Mutagenesis Primer Generator is a simple windows GUI program to generate mutagenesis primer by inputting sequence, amino acid number, and letter of amino acid you want to mutate to.
ProbeMaker is a Java software project aimed at providing a framework for design and analysis of sets of oligonucleotide probes for use in multiplex assays for nucleic acid analyses and other purposes.
DEODAS designs & analyzes consensus-degenerate oligonucleotide probes for biological research. DEODAS automatically designs and screens, probes against databases of known genes & stores the information in a searchable database.
MultiPLX is a tool for analyzing PCR primer compatibility and automatically finding optimal multiplexing (grouping) solution. It uses state-of-the-art nearest neighbour DNA binding thermodynamics to estimate possible unwanted pairings between PCR samples.

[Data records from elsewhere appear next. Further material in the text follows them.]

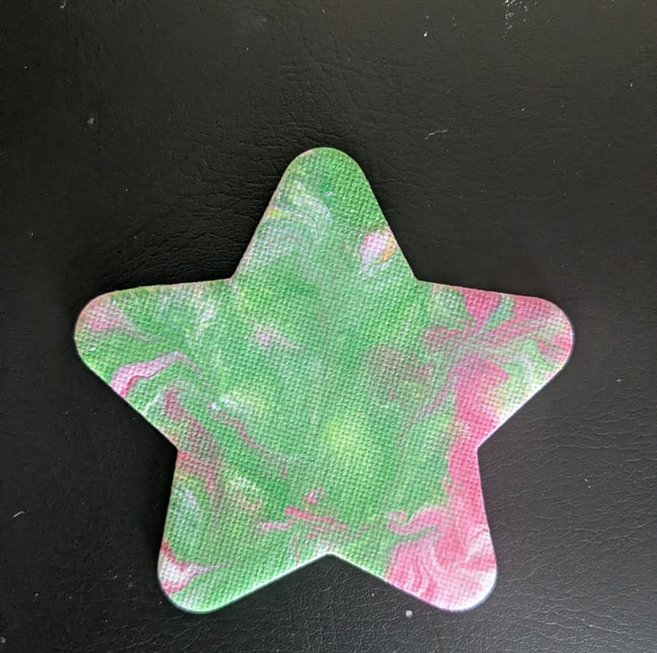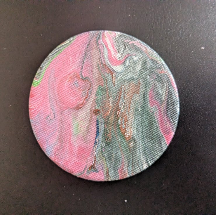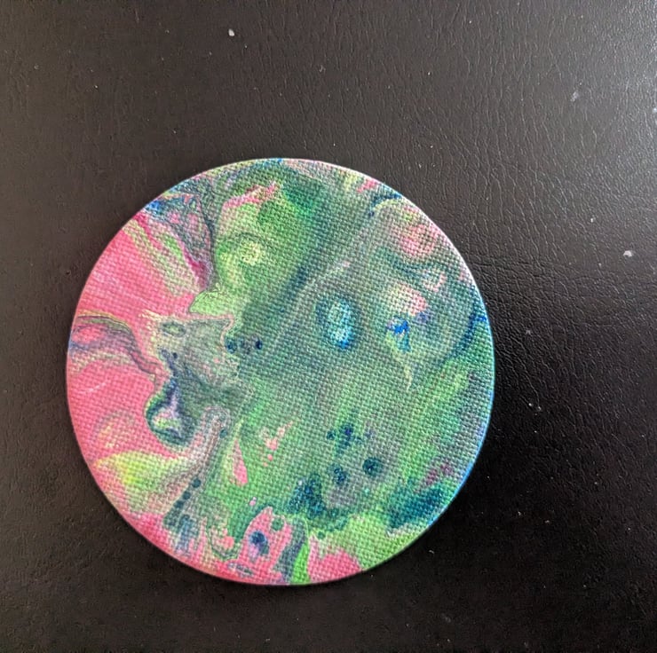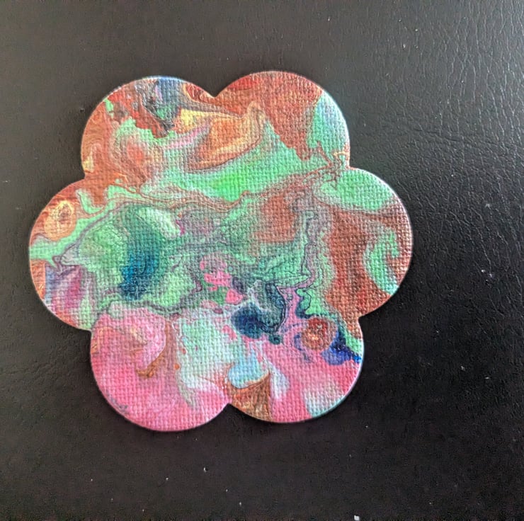 These fridge magnets have been created using the waste paint from the acrylic pour canvas's to create unique designs on a smaller scale. The colours will vary depending on what pours were done beforehand, and the magnets have been created between each pour so some magnets have a greater range of colours than others. These are currently unvarnished, but a varnish coat can be added for an extra cost of £1 per magnet, plus a few days for drying before they can be posted out.
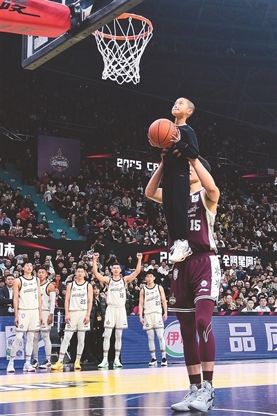 本屆全明星賽第二節(jié)最后的一次暫停時,現(xiàn)場上演了溫情一幕:北區(qū)明星隊首發(fā)中鋒楊瀚森,舉起來自吉林省孤兒學校的小朋友趙路健,幫助他完成了一次扣籃。
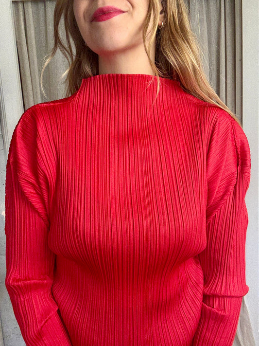 ISSEY MIYAKE PLEATS PLEASE RED BLOUSE - ONE SIZE
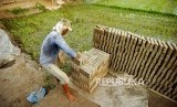 Seorang pekerja menata batu bata usai proses jemur di Desa Tegalwangi, Kabupaten Tegal, Jawa Tengah, Rabu (13/9). Akibat menipisnya persediaan air selama musim kemarau, sebagian petani di daerah tersebut beralih profesi menjadi perajin batu bata dan dalam satu hari mampu memproduksi batu bata sebanyak 1000 buah yang dijual Rp800 per buah. (FOTO : Parno/Antara)
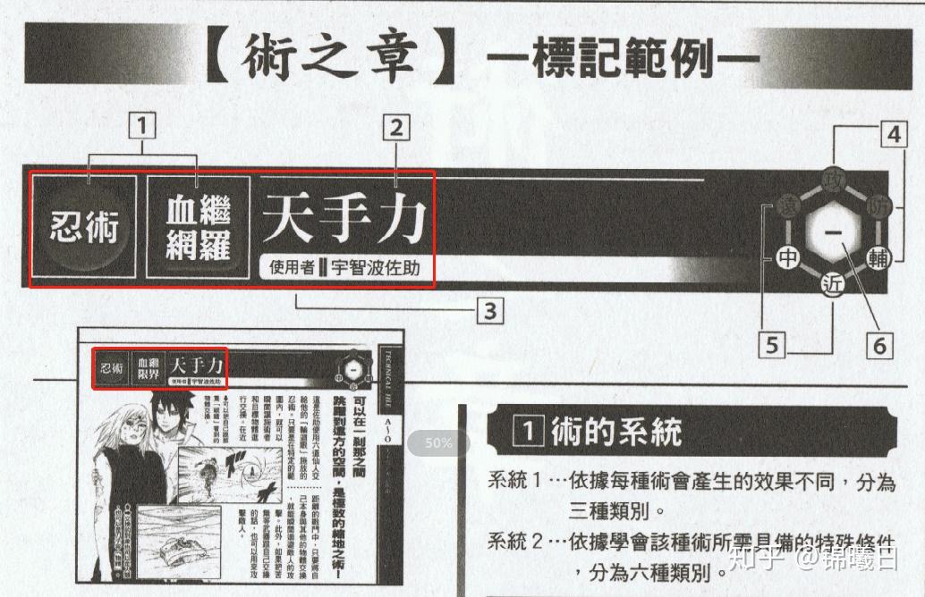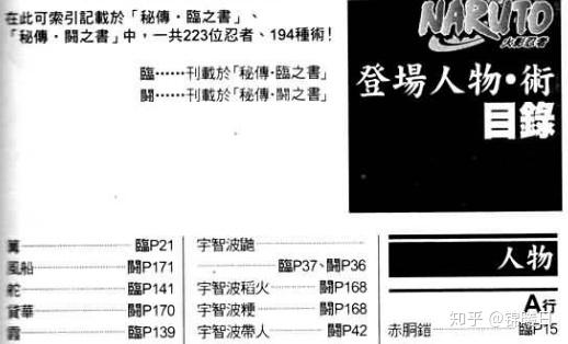 在漫画第12话出现在卡卡西叙述中的龙套忍者在《临之书》忍之章的详细名单里也可以找到这个人的身影,甚至标注了出场页数除了龙套角色也有内容的忍之章之外,《临之书》中也将术的等级概念、术的类别、术的范围等概念做了第一次极为详细的阐述(毕竟是第一本公式书),这也为补充《火影》里术的概念奠定了相当的基础。
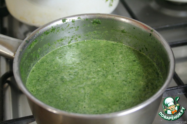 Если шпинат используете свежий или замороженный, но в листьях, на этом этапе его нужно измельчить в блендере до состояния крема. Добавить сливки и, если хотите, приправу типа Крошка пучок :-) и еще минутку под крышкой подержать.
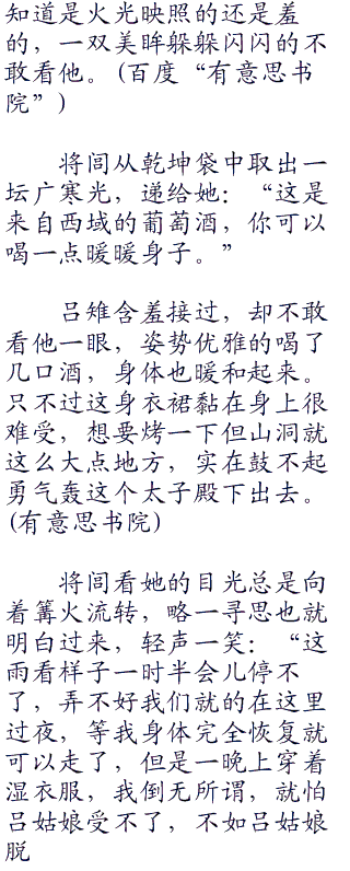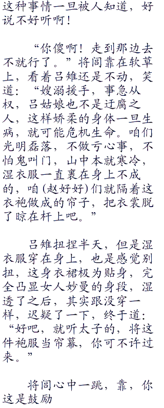 将闾联系的目光看了一眼吕雉,她的头发还滴落着水珠,滑过晶莹玉润的脸颊,又从尖尖的下颌滴落在自己的皮肤上。
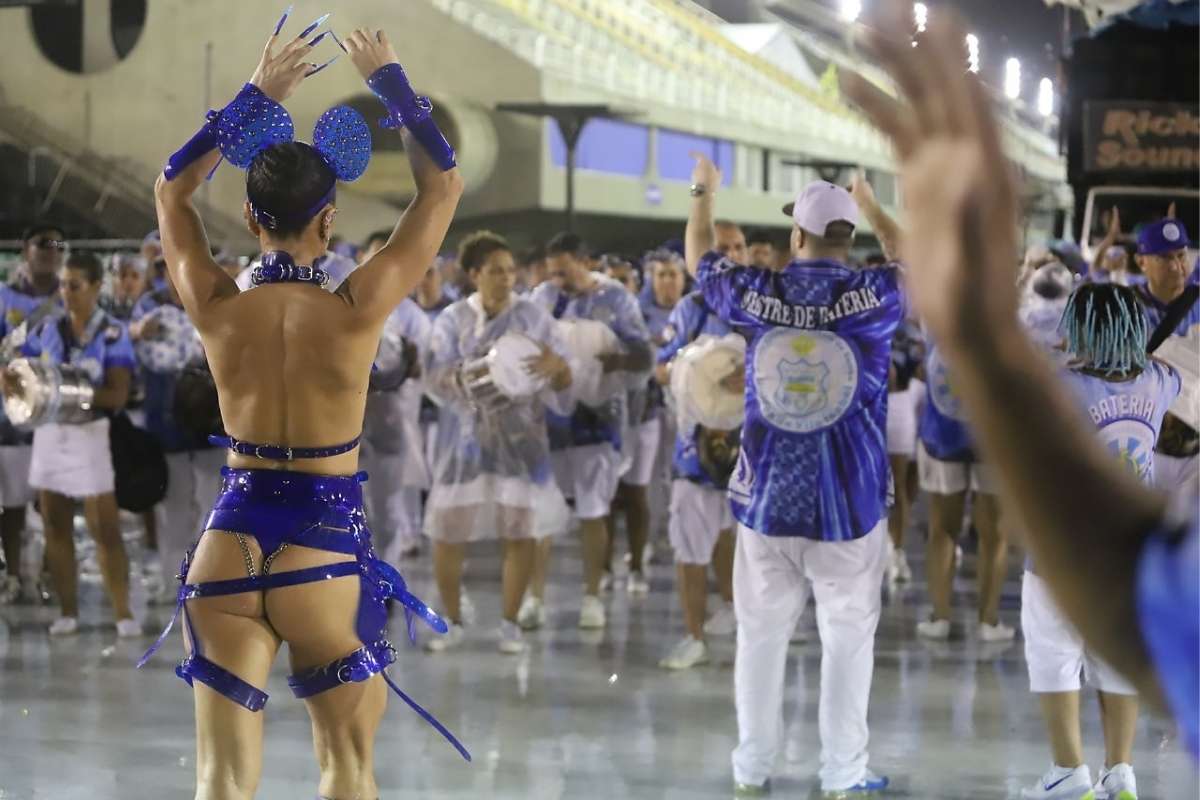 Com forte chuva no Rio de Janeiro, escola fez seu ensaio técnico mesmo com a tempestade. Foto: Daniel Pinheiro/AgNews
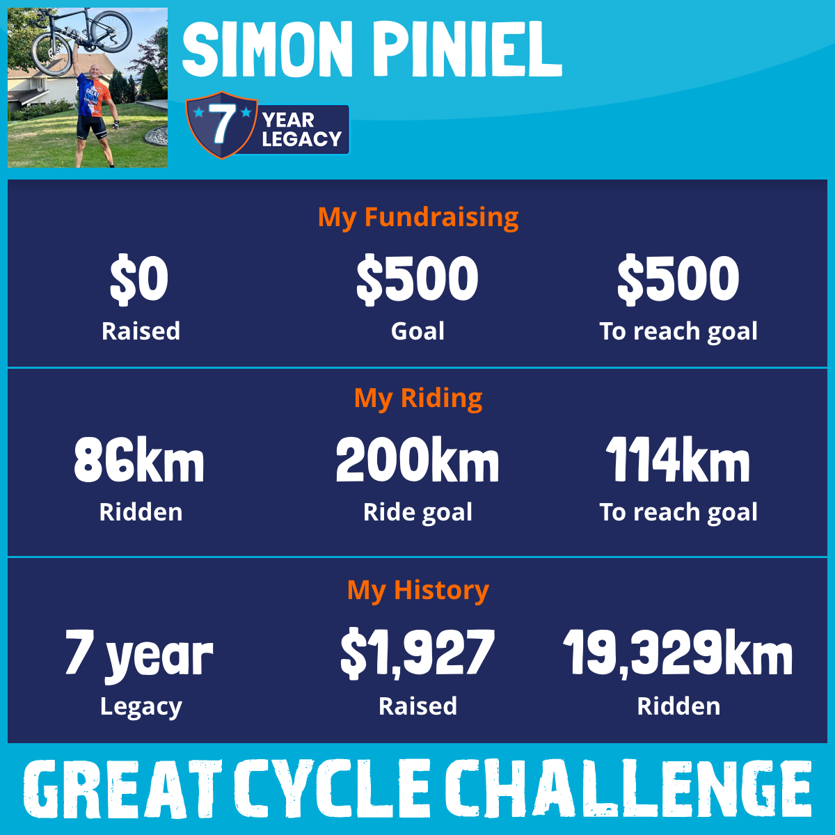 I'll ride 1,000km in August to raise $1,000, and it's my 6th year partaking.
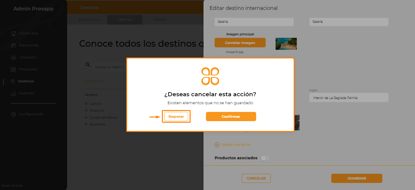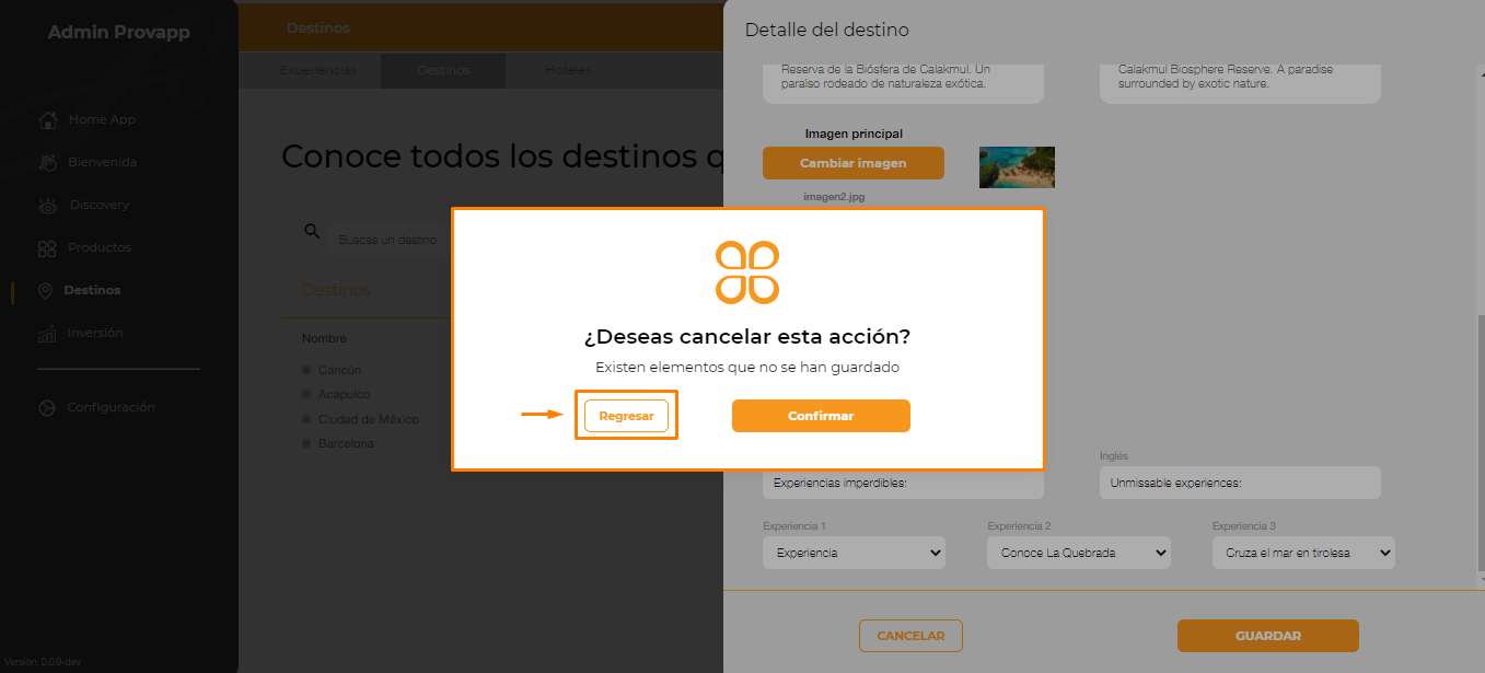 O bien, si da clic en regresar, para no realizar ninguna modificación al destino.
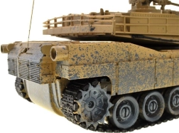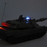 Der RC-Panzer M1A2 ABRAMS ist ein detailgetreues Modell mit eindrucksvoller LED-Beleuchtung sowie realistischen Motor- und Schussgeräuschen. Dank drehbarem Turm und Gummiketten meistert er Vor- und Rückwärtsfahrt, Drehungen auf der Stelle und präzise Manöver im Innenbereich.
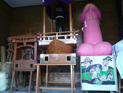 御輿蔵に置かれた、かなまら大御輿、かなまら舟御輿、そしてエリザベス御輿。

SLICSel is a program for designing specific oligonucleotide probes for microbial detection and identification. To obtain maximal specificity of designed oligonucleotides, SLICSel uses the Nearest-Neighbor thermodynamics-based approach for probe design.
HTqPCR, a package for the R statistical computing environment, is a software to enable the processing and analysis of qPCR data across multiple conditions and replicates.
StarPrimer D′Signer is a software to facilitate the design of primers for the ENTRY cloning step to create the Donor Vector. The software is also very well suited for the design of primers in combination with a site-directed mutation approach. In this case it is used to design primers for introducing mutations into your gene of interest which then is transferred into a StarGate ENTRY vector to create a Donor Vector carrying the mutated gene of interest.
QPCR is a versatile web-based Java application that allows to store, manage, and analyze data from quantitative real-time polymerase chain reaction (qPCR) experiments. It comprises a parser to automatically import generated data from qPCR devices and includes a variety of analysis methods to calculate Ct and amplification efficiency values. The analysis pipeline includes technical and biological replicate handling, incorporates sample or gene specific efficiency, normalization using single or multiple housekeeping genes, inter-run calibration, and fold change calculation. Moreover, the application supports proper error propagation throughout all analysis steps and allows conducting statistical tests on sample classes. Results can be visualized in highly customizable charts and exported for further investigation.